_Task prompt_
Copy each line of the following material exactly.
== Data segment ==
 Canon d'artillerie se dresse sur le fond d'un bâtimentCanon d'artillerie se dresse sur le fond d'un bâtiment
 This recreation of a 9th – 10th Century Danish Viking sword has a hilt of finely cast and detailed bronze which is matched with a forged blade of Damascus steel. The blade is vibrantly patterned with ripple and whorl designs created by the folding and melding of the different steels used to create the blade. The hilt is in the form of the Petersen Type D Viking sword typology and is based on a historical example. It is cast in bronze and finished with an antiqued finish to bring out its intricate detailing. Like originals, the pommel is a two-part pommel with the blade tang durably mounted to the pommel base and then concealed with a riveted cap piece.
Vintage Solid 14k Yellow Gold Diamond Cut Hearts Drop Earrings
===
_Answer space_
 Canon d'artillerie se dresse sur le fond d'un bâtimentCanon d'artillerie se dresse sur le fond d'un bâtiment
 This recreation of a 9th – 10th Century Danish Viking sword has a hilt of finely cast and detailed bronze which is matched with a forged blade of Damascus steel. The blade is vibrantly patterned with ripple and whorl designs created by the folding and melding of the different steels used to create the blade. The hilt is in the form of the Petersen Type D Viking sword typology and is based on a historical example. It is cast in bronze and finished with an antiqued finish to bring out its intricate detailing. Like originals, the pommel is a two-part pommel with the blade tang durably mounted to the pommel base and then concealed with a riveted cap piece.
Vintage Solid 14k Yellow Gold Diamond Cut Hearts Drop Earrings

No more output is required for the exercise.